## Data supplied
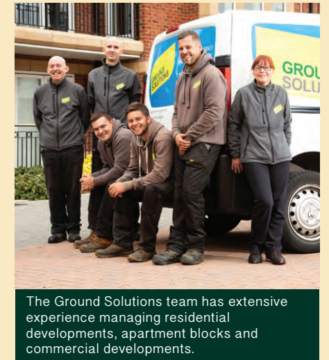
The Ground Solutions team has extensive experience managing residential developments, apartment blocks and commercial developments.
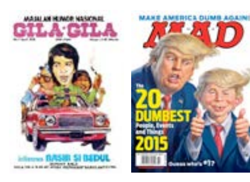
Picture 2: 'Gila-Gila' Magazine and Mad Magazine

Referring to the Malay Magazine directory for the 20th century, Hamedi (2005) observed that since their first appearance in the 1970s to the 1980s, cartoon magazines or comics had increased their number of publications from 15 to 25 copies. Studies also showed that humour magazine Gila-Gila was ranked 3rd after the magazines 'Wanita' and 'Utusan Radio and TV'. About 79 local magazines and 31 foreign magazines were listed on the report, and this report indirectly showed that humour magazines were relevant enough to be published for market purposes (Hamedi, 2008).
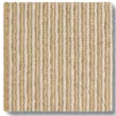
Ochre String Pin 1866
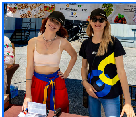
Ukrainian Festival “Pysanka” in Los Angeles Raises Critical Aid for Frontline Defenders
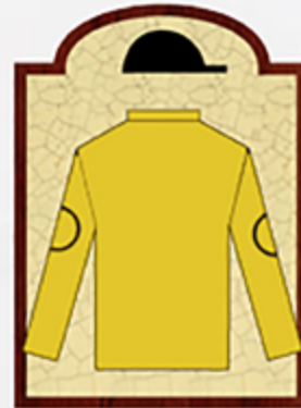
COUNT FLEET 1943
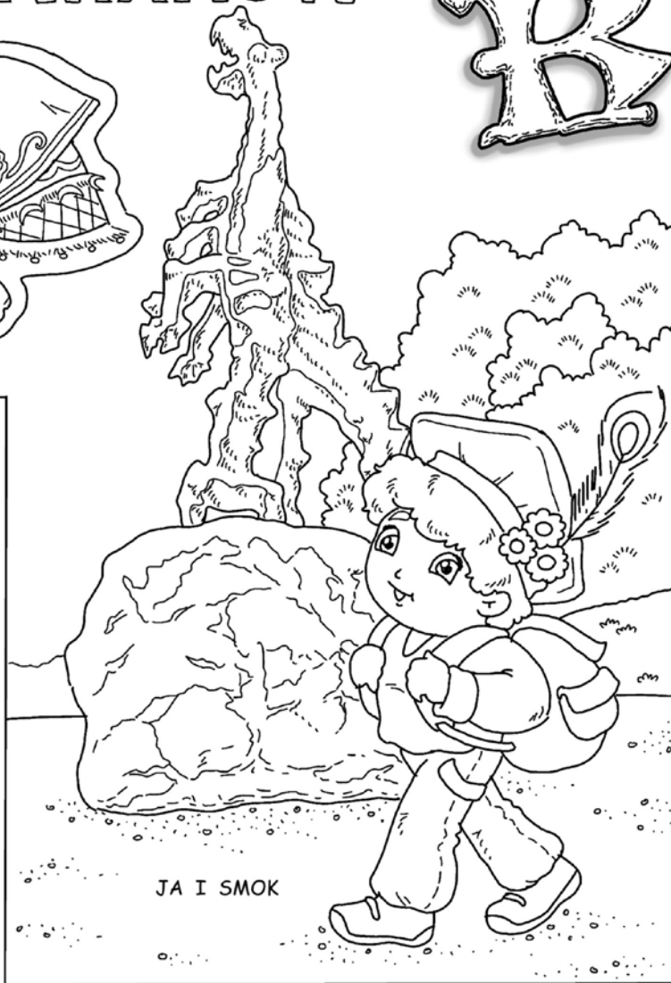
JA I SMOK
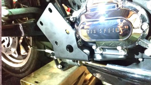
Fig. 2.5 Install mounting bracket as shown
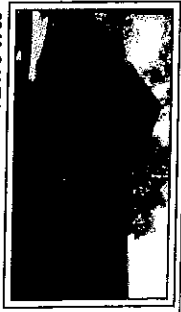
6910 CAYTON STREET

THIS LOT DOES NOT LIE IN THE 100 YEAR FLOOD ZONE
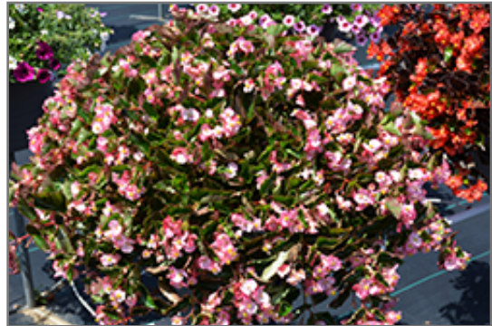
Hula Pink Begonia in bloom

Hula Pink Begonia is a fine choice for the garden, but it is also a good selection for planting in outdoor containers and hanging baskets. Because of its spreading habit of growth, it is ideally suited for use as a 'spiller' in the 'spiller-thriller-filler' container combination; plant it near the edges where it can spill gracefully over the pot. Note that when growing plants in outdoor containers and baskets, they may require more frequent waterings than they would in the yard or garden.
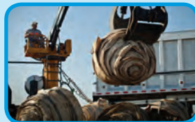
We pick up the used polytube from farmers
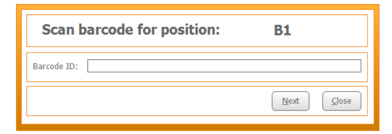
Figure 11. Scan barcode window.

Scan or type the Barcode ID, and the Sample ID will show up in the sample changer
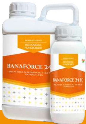
MELALEUCA ALTERNIFOLIA (TEA TREE OIL) EXTRACT 24%
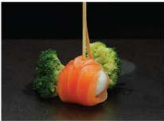
• Salmon Uzura Tamago • サーモン鞠玉子
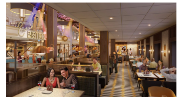
( https://carnival-news.com/wp-content/uploads/2022/06/content/uploads/2022/06/01_Gateway_Entry_w_people_c1-scaled.jpg )
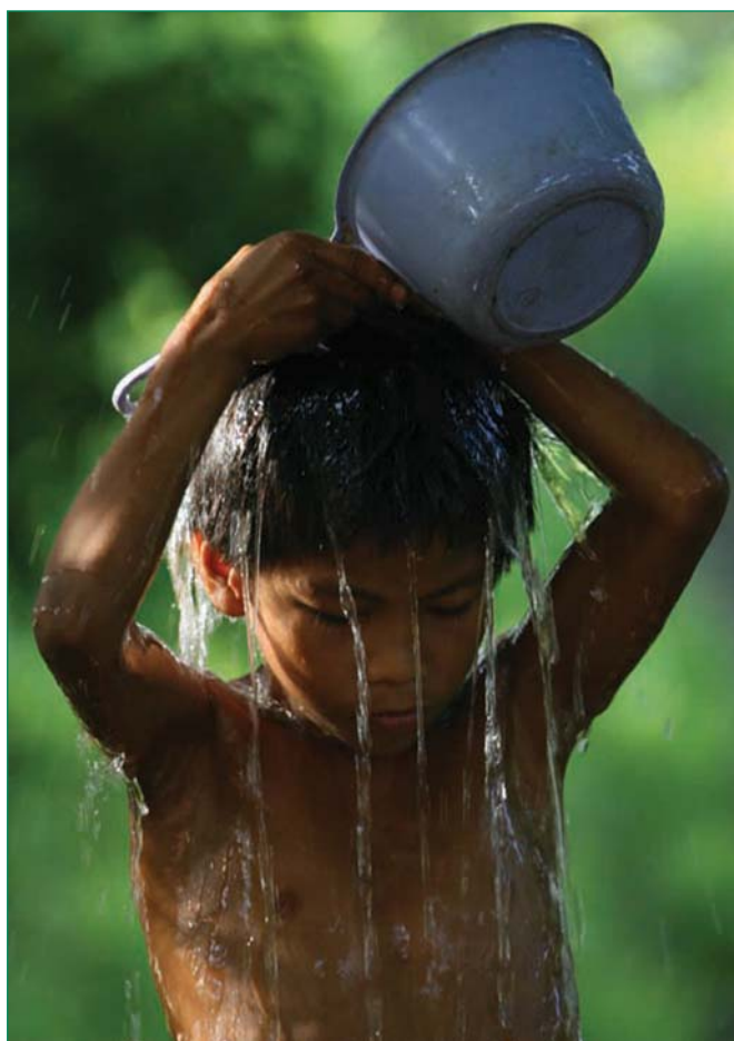
Water is essential

Negotiators in Copenhagen face competing priorities. Actions to mitigate and adapt to climate change in one sector must not undermine those in another. For example, developing hydropower as a low-carbon energy source should be done in socially and environmentally responsible ways; using scarce land and water resources to produce bio-fuels should be balanced against other uses such as food production.
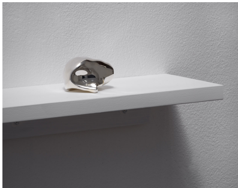
Sirine Fattouh, The Sleepers (7 individual ones) , 2019, Clay, brass, coated with silver, approx. 10x5 cm

'The Sleepers' is a project initiated in 2017 as a result of recurrent insomnia. Each sculpture corresponds to a night of insomnia. The silver sleepers can be held in hand and reflect the face of the person holding it as well as the surrounding space.
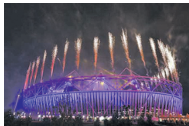
Fireworks explode over the Olympic Stadium during the closing ceremony of the London 2012 Paralympic Games on 9 Sept, 2012.

surprise and delight, British teams and athletes surpassed themselves across a range of sports, including third place in the Olympic medals' table behind the world's two great economic powers the United States and China.
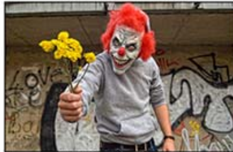
Here Little Boy by Russell Lindsay.jpg
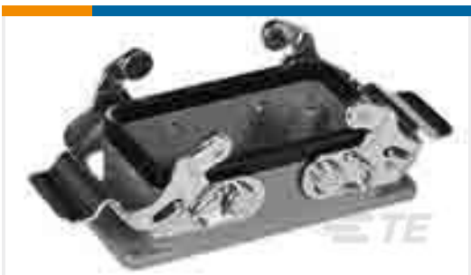
TE Part #1-1102291-1 HB.24.AG-VS
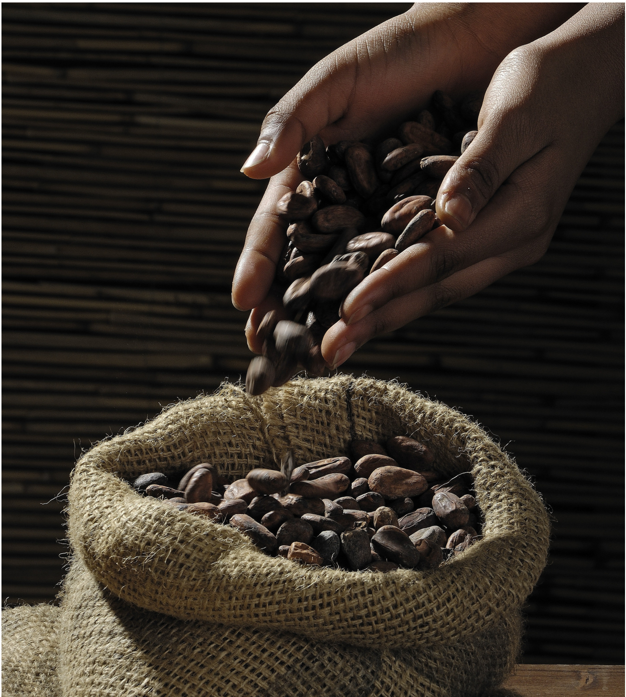
Roasting coffee beans adds value to the incomes of small-scale coffee farmers
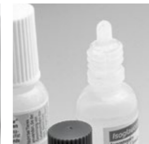
The KMT closure consists of two parts and allows the user to accurately dispense drops of the product.

## To do
Reproduce the lines above, exactly and exclusively, from the line containing "TE Part #1-1102291-1 HB.24.AG-VS" down to the last line, both included; pictures are not part of the copy.

## Problem solution
TE Part #1-1102291-1 HB.24.AG-VS
Roasting coffee beans adds value to the incomes of small-scale coffee farmers
The KMT closure consists of two parts and allows the user to accurately dispense drops of the product.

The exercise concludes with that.